The holiday season is approaching, and so are the Magecart thieves. Surprisingly, these assailants have become more aggressive than ever before, with each attack occurring every 16 minutes.

The Magecart hackers have recently targeted merchants which use the WooCommerce WordPress plugin. This open-source WordPress plugin is easy to customize and provides for 29% of the top one million websites that use e-commerce technology. Because of its increasing popularity, the plugin is now vulnerable to a Magecart attack.

Three additional skimmers targeting merchants utilizing the WooCommerce plugin have been discovered by RiskIQ researchers. The three skimmers, known as WooTheme, Slect, and Gateway, were created to avoid detection and allow attackers to steal clients’ financial information. The skimming scripts were launched onto the sites by exploiting vulnerabilities in third-party themes and technologies integrated into WooCommerce pages.

The WooTheme skimmer code was identified in five domains utilizing a hacked WooCommerce theme, which was first reported in July.

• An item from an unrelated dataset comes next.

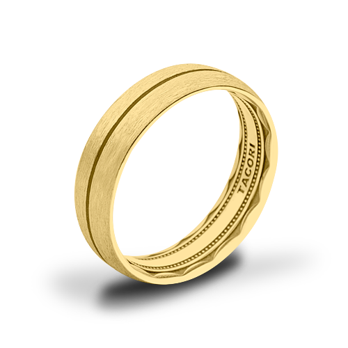 The exterior of this ring is genuinely sophisticated, with a brushed finish and a beveled accent line circling around the softly-rounded top. The interior features sculpted crescent detail with a soft-comfort fit for all-day wearability.

The skimmer code appeared to be in the hacked domain’s ‘error’ area on one website. To remain undetected on infected sites, the Slect skimmer exploits a spelling typo in the script’s word ‘select.’ Once the malicious code has been injected, it searches for open text fields, passwords, and checkboxes on the form. 

Multiple layers of obfuscation methods are used in the Gateway skimmer, making it difficult to detect by security researchers. To avoid detection, it employs the words ‘gate’ and ‘gateway’ in PHP and JavaScript codes. According to experts, the Gateway skimmer’s WooCommerce checks for a Firebug web browser extension that was decommissioned in 2017.

New skimmers have been discovered, demonstrating how cyber attackers are inventing new techniques to obtain access to, install, and conceal their tools on targeted websites. As a result, merchants must improve their preparedness for credit card skimming threats. Aside from that, having effective malware detection mechanisms and periodically examining crontab instructions for unusual contents might help to limit the danger of such assaults.